Suggestions from NixUX:
* '--show-trace`can become overwhelming, even more than today. Perhaps respect`-v` verbosity flags?
I am not sure this is true. Do we have examples ? The full trace is even bigger, but now it should be readable, with errors pointing at precise locations. See https://gist.github.com/layus/0c4203d41a67326367caf2086f20a2ab#file-basic-diff for an example where the added information allows to understand the error location.
https://gist.github.com/layus/0c4203d41a67326367caf2086f20a2ab#file-poetry-diff shows an example where the trace is made way bigger, and potentially unnecessarily verbose.

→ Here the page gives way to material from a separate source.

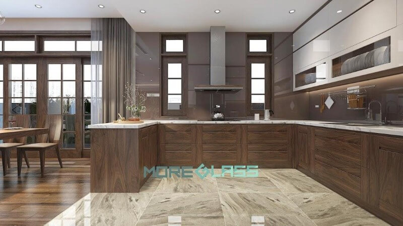 Mẫu kính bếp màu nâu đất MG-017 mộc mạc tạo cảm giác ấm cúng, gần gũi cho gian bếp.
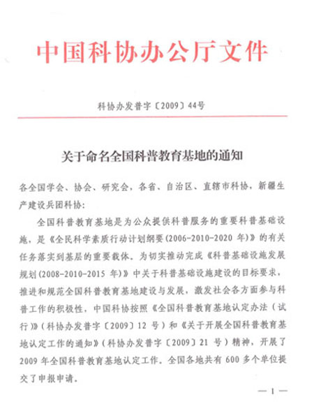 2009年9月,中國科協(xié)組織開展了為期3個(gè)月的第一、二批全國科普教育基地綜合評估工作,我單位也積極遞交了全國科普教育基地的申請。經(jīng)全國學(xué)會、省級科協(xié)等推薦單位對本轄區(qū)、本系統(tǒng)全國科普教育基地的測評,中國科協(xié)組織專家進(jìn)行了細(xì)致認(rèn)真的評審和抽查,全國僅認(rèn)定科普教育基地200多家。我單位以良好的硬件設(shè)施和突出的科普工作業(yè)績在數(shù)百家申報(bào)單位中脫穎而出,順利通過認(rèn)定,成為全國微量元素領(lǐng)域中唯一一家被國家科協(xié)命名的科普教育基地。

I still do not see what this PR should do about it. We had a situation where plain misleading messages were printed. Not it gets easier for newcomers to understand the errors and the required types they need in simple cases. Complex cases become more verbose, but also more easy to understand and to follow, as the increment between the trace steps is smaller. Less wild jumps in the code between two seemingly unrelated parts.
And by default you get the first parts of the trace without needing --show-trace. Meaning that if you really, really want to see the full trace, you should use more or less (pun intended).
I would argue that we should prefer correctness and precision over terseness. This PR cannot reasonably bundle a solution to the very complex issue of printing a meaningful trace in a lazy language.
* New messages can be a less severe level in order to limit the amount displayed by default.
I would argue that the old messages should be less chatty ;-). Just kidding, but as above, the code could benefit from a redesign of the traces to show another projection of the full trace. Maybe expressions trace until the first function scope, and then only the function calls stack ? That is way out of context for this PR I think.
* consider a new PR or doing it in the current PR
:+1: for new PR.
* It is hard to keep error message testing up to date.
It depends on what you want to test. This PR made it sure that more error cases are documented via a mandatory text explanation. Maybe that is the "testing" we need. Any other testing is going to be brittle with respect to format changes.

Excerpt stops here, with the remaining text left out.